**Given information**:
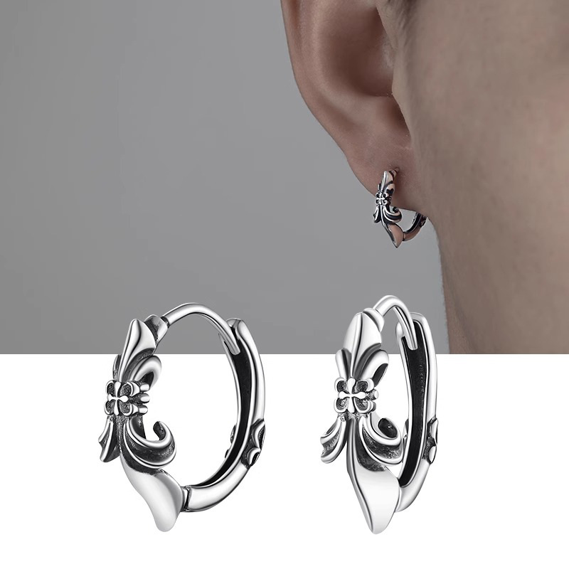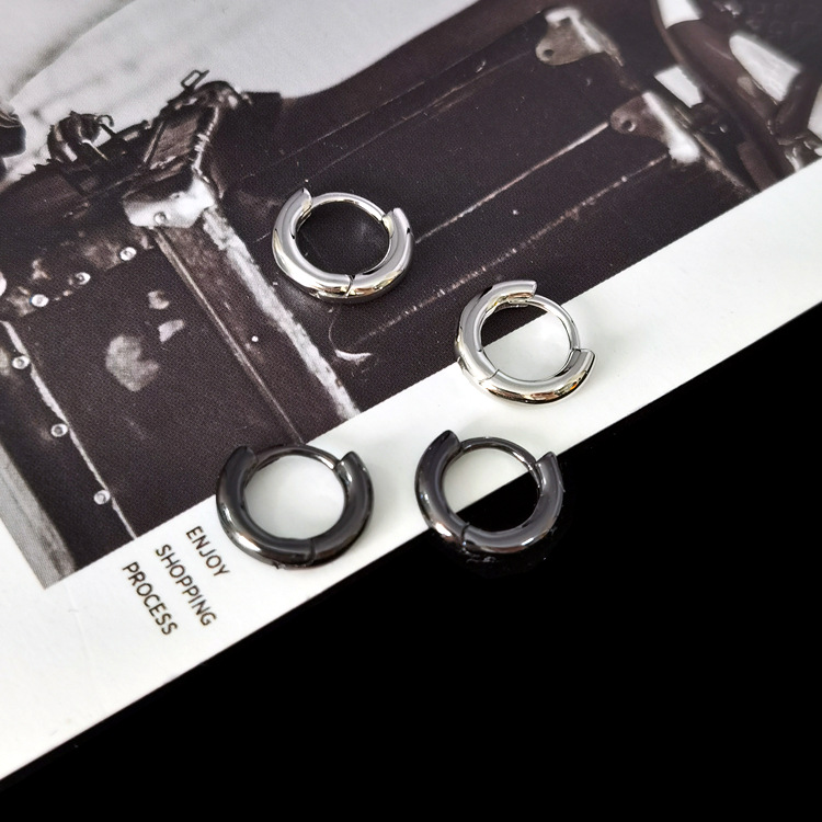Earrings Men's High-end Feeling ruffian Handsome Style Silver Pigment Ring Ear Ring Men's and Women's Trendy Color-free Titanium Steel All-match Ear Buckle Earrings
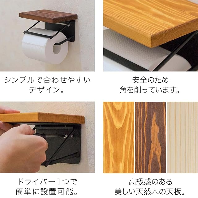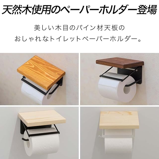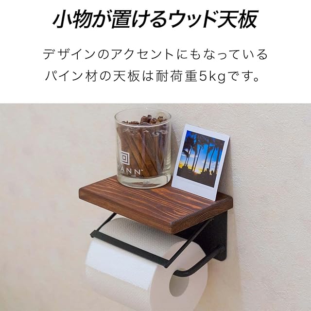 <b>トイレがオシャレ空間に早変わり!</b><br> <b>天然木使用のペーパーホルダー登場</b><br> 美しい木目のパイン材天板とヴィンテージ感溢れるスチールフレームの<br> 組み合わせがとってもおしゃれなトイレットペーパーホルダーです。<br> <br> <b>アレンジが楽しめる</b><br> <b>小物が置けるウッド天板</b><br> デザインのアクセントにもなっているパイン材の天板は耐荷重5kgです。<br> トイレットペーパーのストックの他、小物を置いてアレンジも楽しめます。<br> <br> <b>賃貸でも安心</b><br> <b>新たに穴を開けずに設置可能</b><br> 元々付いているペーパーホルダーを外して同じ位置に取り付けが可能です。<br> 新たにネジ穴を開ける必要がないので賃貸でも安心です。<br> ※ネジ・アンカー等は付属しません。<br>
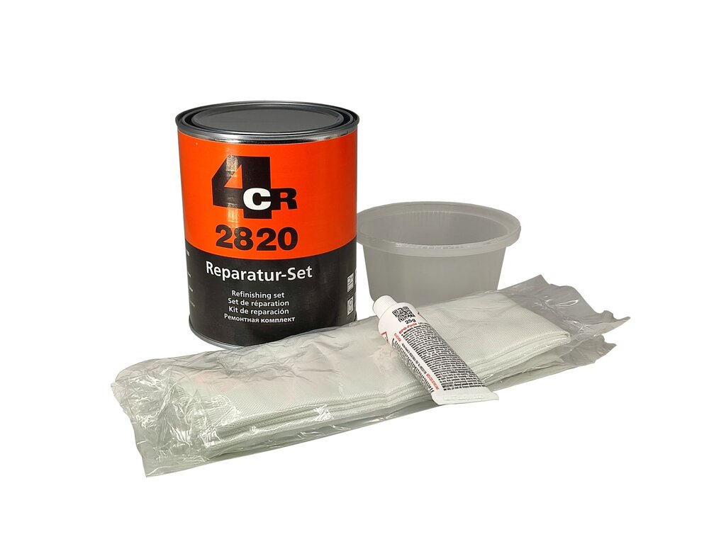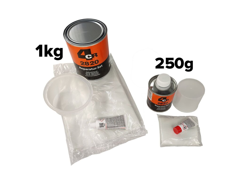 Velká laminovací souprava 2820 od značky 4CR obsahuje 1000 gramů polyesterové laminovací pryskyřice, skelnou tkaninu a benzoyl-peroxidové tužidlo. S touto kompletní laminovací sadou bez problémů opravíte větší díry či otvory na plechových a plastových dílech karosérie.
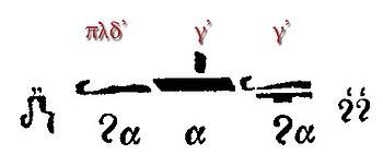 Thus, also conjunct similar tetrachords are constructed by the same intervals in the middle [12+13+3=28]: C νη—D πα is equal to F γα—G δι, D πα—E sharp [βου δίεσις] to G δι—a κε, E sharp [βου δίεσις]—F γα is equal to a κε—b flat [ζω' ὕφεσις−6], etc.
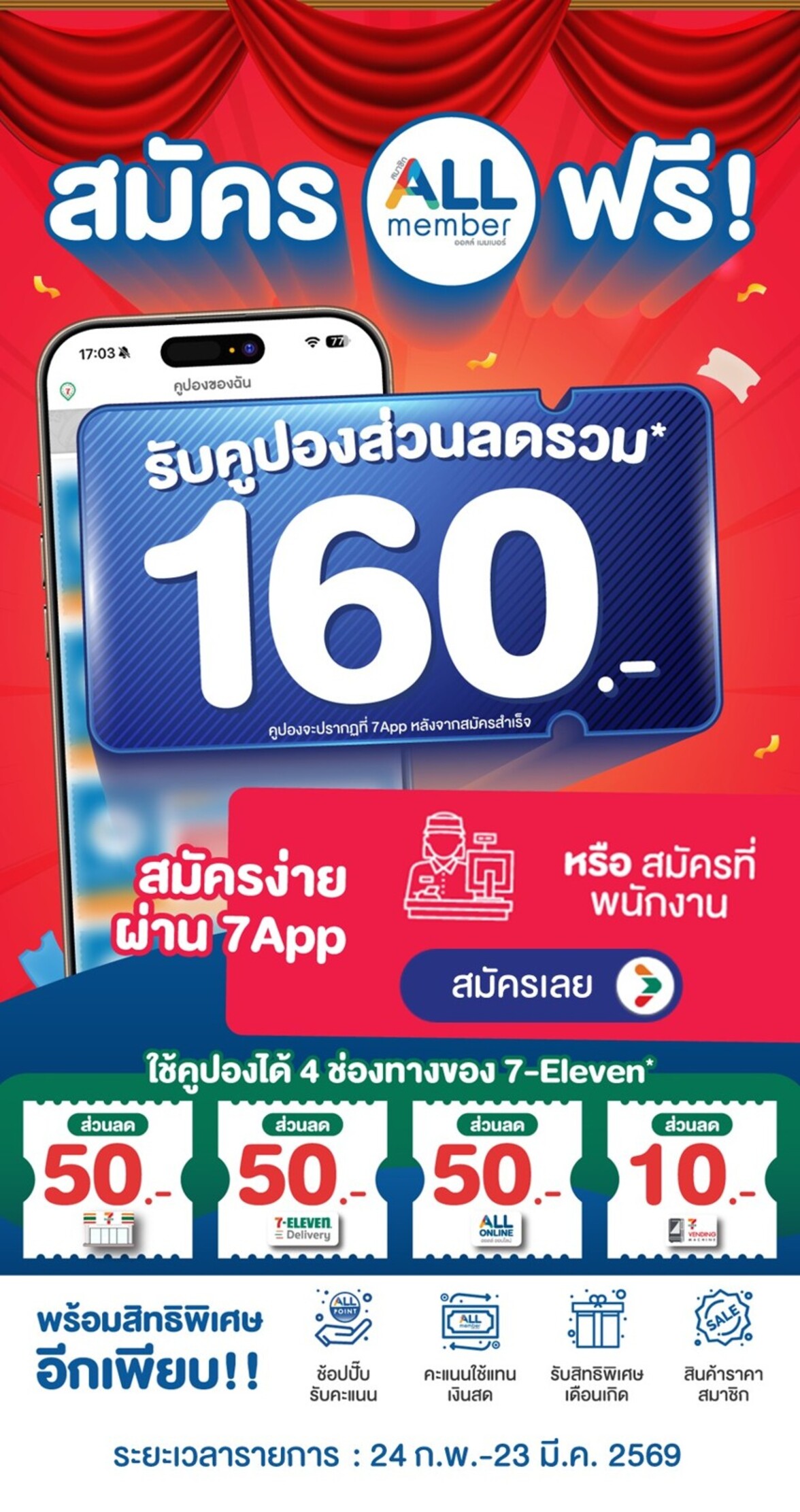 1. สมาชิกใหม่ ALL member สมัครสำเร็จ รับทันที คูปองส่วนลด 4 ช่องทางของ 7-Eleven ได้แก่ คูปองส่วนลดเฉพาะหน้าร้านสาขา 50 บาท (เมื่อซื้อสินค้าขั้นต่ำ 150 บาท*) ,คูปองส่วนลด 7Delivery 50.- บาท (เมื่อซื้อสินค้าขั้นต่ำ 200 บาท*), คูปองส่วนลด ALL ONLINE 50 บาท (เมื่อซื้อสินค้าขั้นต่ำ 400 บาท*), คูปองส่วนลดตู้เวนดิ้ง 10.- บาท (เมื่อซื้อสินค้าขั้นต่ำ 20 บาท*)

...

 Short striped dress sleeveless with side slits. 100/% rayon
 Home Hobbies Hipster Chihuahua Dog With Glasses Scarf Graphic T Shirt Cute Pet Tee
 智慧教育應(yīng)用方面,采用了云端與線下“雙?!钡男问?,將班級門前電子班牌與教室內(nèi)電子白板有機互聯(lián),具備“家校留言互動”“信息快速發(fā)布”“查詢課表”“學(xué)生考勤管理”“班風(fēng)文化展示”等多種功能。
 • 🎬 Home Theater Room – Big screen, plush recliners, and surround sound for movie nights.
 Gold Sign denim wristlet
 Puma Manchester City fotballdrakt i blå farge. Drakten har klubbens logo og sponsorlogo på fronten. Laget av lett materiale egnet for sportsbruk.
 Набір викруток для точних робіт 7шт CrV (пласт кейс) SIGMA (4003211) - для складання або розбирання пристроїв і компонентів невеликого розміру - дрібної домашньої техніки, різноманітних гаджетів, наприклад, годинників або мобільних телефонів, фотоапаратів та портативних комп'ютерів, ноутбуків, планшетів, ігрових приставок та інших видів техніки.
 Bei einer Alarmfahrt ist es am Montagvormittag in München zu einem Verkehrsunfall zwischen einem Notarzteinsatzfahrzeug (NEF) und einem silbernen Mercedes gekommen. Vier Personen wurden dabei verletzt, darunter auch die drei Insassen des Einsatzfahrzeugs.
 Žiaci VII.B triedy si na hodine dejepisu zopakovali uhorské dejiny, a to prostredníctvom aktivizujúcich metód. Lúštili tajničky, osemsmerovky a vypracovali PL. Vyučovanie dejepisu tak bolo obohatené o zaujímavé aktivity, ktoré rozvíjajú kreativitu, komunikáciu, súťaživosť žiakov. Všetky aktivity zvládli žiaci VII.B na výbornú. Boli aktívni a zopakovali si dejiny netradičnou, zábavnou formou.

**Your objective**:
Could you copy every line from the records that has "Home" in it?

**Response to this task**:
 Home Hobbies Hipster Chihuahua Dog With Glasses Scarf Graphic T Shirt Cute Pet Tee
 • 🎬 Home Theater Room – Big screen, plush recliners, and surround sound for movie nights.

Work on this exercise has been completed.